TVATOJ-power is a Python module plus examples for performing Bayesian power estimation (Kruschke, 2014) for TVA-based (Bundesen, 1998) TOJ experiments (as introduced in Tünnermann, Krüger, & Scharlau, 2017). In particular, it contains a Python+PyMC3 (Salvatier et al., 2016) port of the Tünnermann, Krüger, & Scharlau's (2017) R with JAGS examples (example_power_exp_1.py & example_power_exp_2.py are the Python versions of the original R scripts). In addition, new examples and functionalities were added.

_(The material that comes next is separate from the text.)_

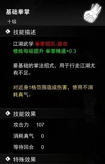 1、主角初始自带基础拳掌。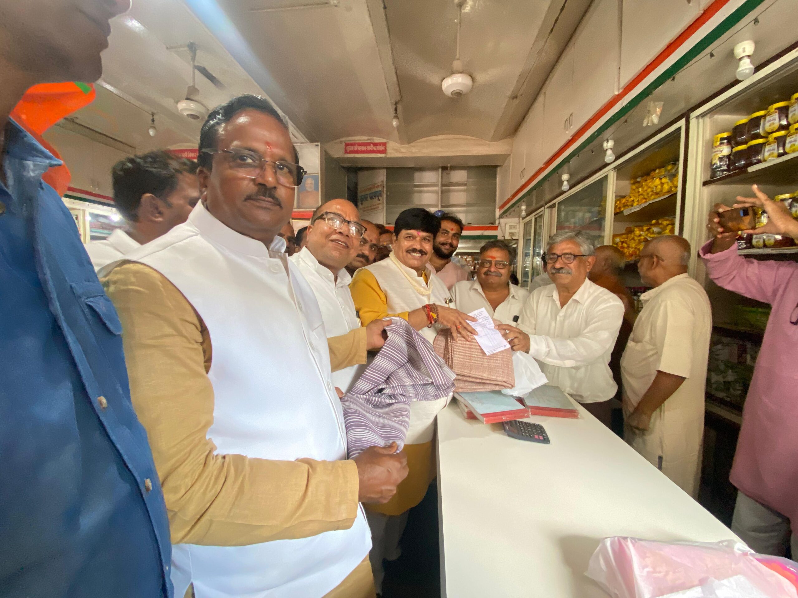 भाजपा मीडिया प्रभारी दिनेश जाटवा के अनुसार सेवा पखवाड़ा अभियान के तहत गांधी जयंती के अवसर पर भाजपा द्वारा नगर अध्यक्ष श्री संजय अग्रवाल के नेतृत्व में कार्यकर्ताओं द्वारा खादी की खरीदी की गई । इस अवसर पर नगर अध्यक्ष ने महात्मा गांधी, लाल बहादुर शास्त्री के जीवन पर प्रकाश डाला उन्होंने बताया कि देश के प्रधानमंत्री नरेंद्र मोदी ने गांधी जी के सपनों को किस तरह साकार किया, स्वच्छता गांधी जी बेहद प्रिय थी। मोदी जी ने सम्पूर्ण भारत में स्वच्छ भारत मिशन योजना लागू कर स्वच्छता अभियान चलाया एवम देश में स्वच्छता की अलख जगाई साथ ही शौचालय बनवाकर खुले में शौच से मुक्ति दिलाई। इस अवसर पर सांसद श्री अनिल फिरोजिया, विधायक श्री अनिल जैन कालूहेड़ा, महापौर श्री मुकेश टटवाल, निगम सभापति श्रीमती कलावती यादव, विवेक जोशी, ओम जैन, महामंत्री श्री आनन्दसिंह खींची, कमल बैरवा, पवन विश्वकर्मा, विजय दीक्षित, अशोक कैथवास, अजय तिवारी, विजय चौहान, विक्रम ठाकुर, मुकेश पोरवाल सहित कार्यकर्ता पदाधिकारी उपस्थित थे!

In classic statistics power is probability of avoiding type-II errors. Or in other words, it is the probability that a hypothesis test correctly rejects the null-hypothesis, given that the alternative hypothesis is true, which researchers typically want to maximize by using sufficiently large samples. However, the TVATOJ framework uses a Bayesian statsitical framework. In Bayesian statistics, there is no inherent need for a binary decision (reject or not) and consequently no concept of power in the classical sense. However, in broader sense, reasearchers might want to maximize detecting whatever kind of differences they are interested in. Along these lines, Bayesian power simulations can be performed (Kruschke, 2014). The idea is to repeatedly simulate data with a model (purely hypothetical or based on earlier findings), fit it, and determine for how many simulations the research goal was reached. This type of power anaylsis is highly flexible, as not only the number of participants can be varied to tweak power, but also other experimental parameters, such as, in the present context, the magnitudes and spacing of the SOAs and how their repetitions are distributed. This Python module contains the procedure (with simualtion and fitting) to perform such repeated simualtation and convert them in to a Bayesian estimate of power (i.e., it returns the probability of reaching the research goal along with 95 % highest density intervals).
- PyMC3
- coloredlogs (optional)
- Install the dependencies listed above, e.g.:
conda install -c conda-forge pymc3
- Clone the repositories:
git clone https://github.com/jeti182/tvatoj-power.git
You should then find the following components:
- tvatojpower.py contains the psychometric function, setup of the PyMC3 model, and the overall simulation and power estimation procedure.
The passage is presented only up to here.